■ WHAT YOU NEED TO DO: Begin at the line containing "oddílem, 2. tř. |" in the records below, end at the line containing "Jiyika Wow chiikawa", and retype each line in that span exactly. No other line and no image should appear.

■ GIVEN DATA:
..............................

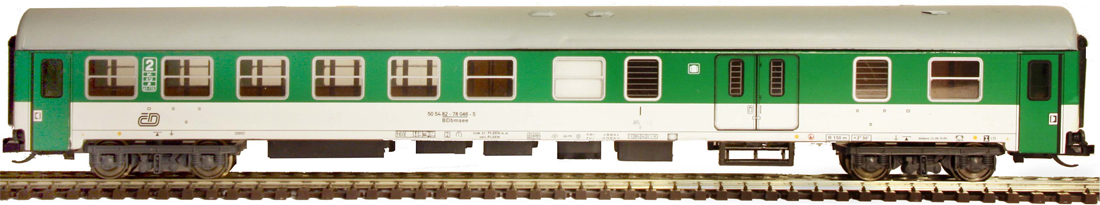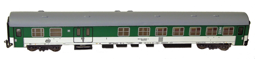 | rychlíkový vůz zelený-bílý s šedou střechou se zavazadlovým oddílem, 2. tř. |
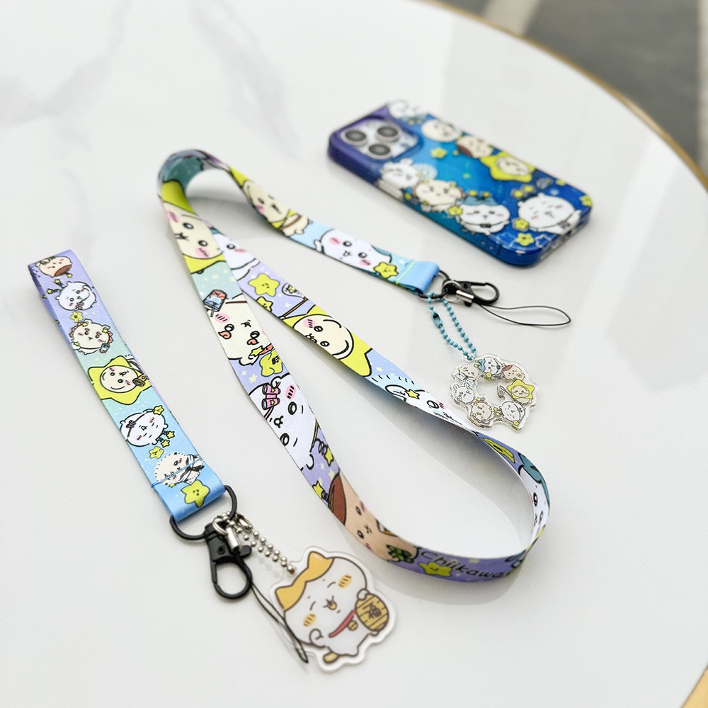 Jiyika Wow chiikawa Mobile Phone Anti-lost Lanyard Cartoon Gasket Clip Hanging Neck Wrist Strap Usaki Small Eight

..............................

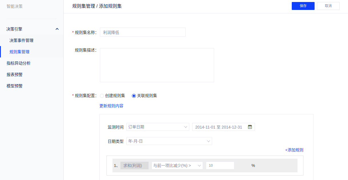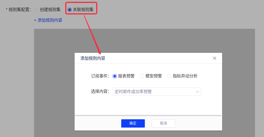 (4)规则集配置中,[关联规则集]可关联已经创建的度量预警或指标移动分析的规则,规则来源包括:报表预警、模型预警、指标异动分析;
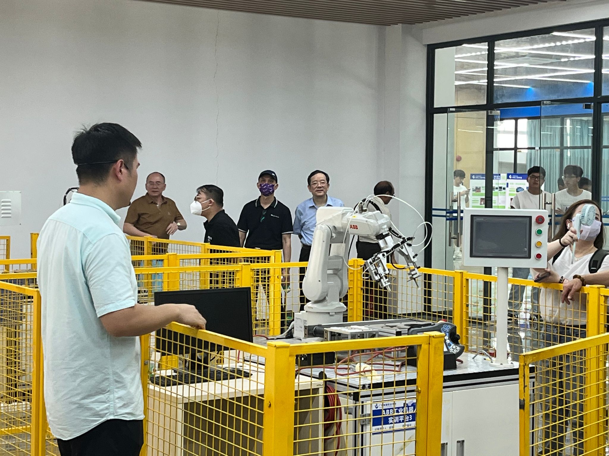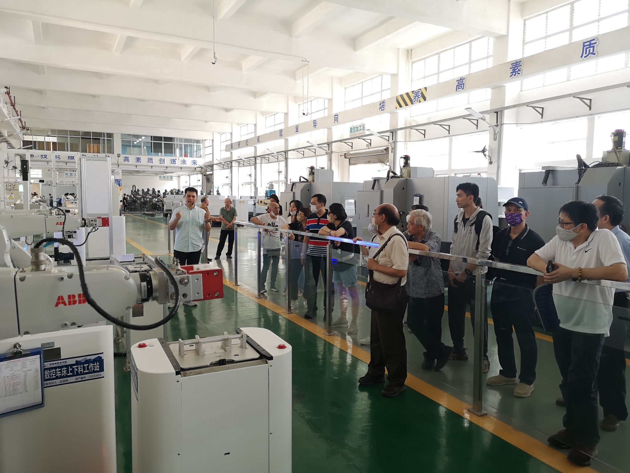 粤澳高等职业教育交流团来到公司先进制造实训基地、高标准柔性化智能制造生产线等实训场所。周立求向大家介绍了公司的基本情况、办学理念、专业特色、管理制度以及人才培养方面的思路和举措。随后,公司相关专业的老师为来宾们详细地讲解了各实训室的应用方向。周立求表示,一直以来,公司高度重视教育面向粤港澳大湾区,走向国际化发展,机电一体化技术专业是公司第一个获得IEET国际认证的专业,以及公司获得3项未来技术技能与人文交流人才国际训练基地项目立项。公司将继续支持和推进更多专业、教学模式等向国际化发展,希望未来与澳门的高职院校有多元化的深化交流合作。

..............................

■ TASK RESULT:
 | rychlíkový vůz zelený-bílý s šedou střechou se zavazadlovým oddílem, 2. tř. |
 Jiyika Wow chiikawa Mobile Phone Anti-lost Lanyard Cartoon Gasket Clip Hanging Neck Wrist Strap Usaki Small Eight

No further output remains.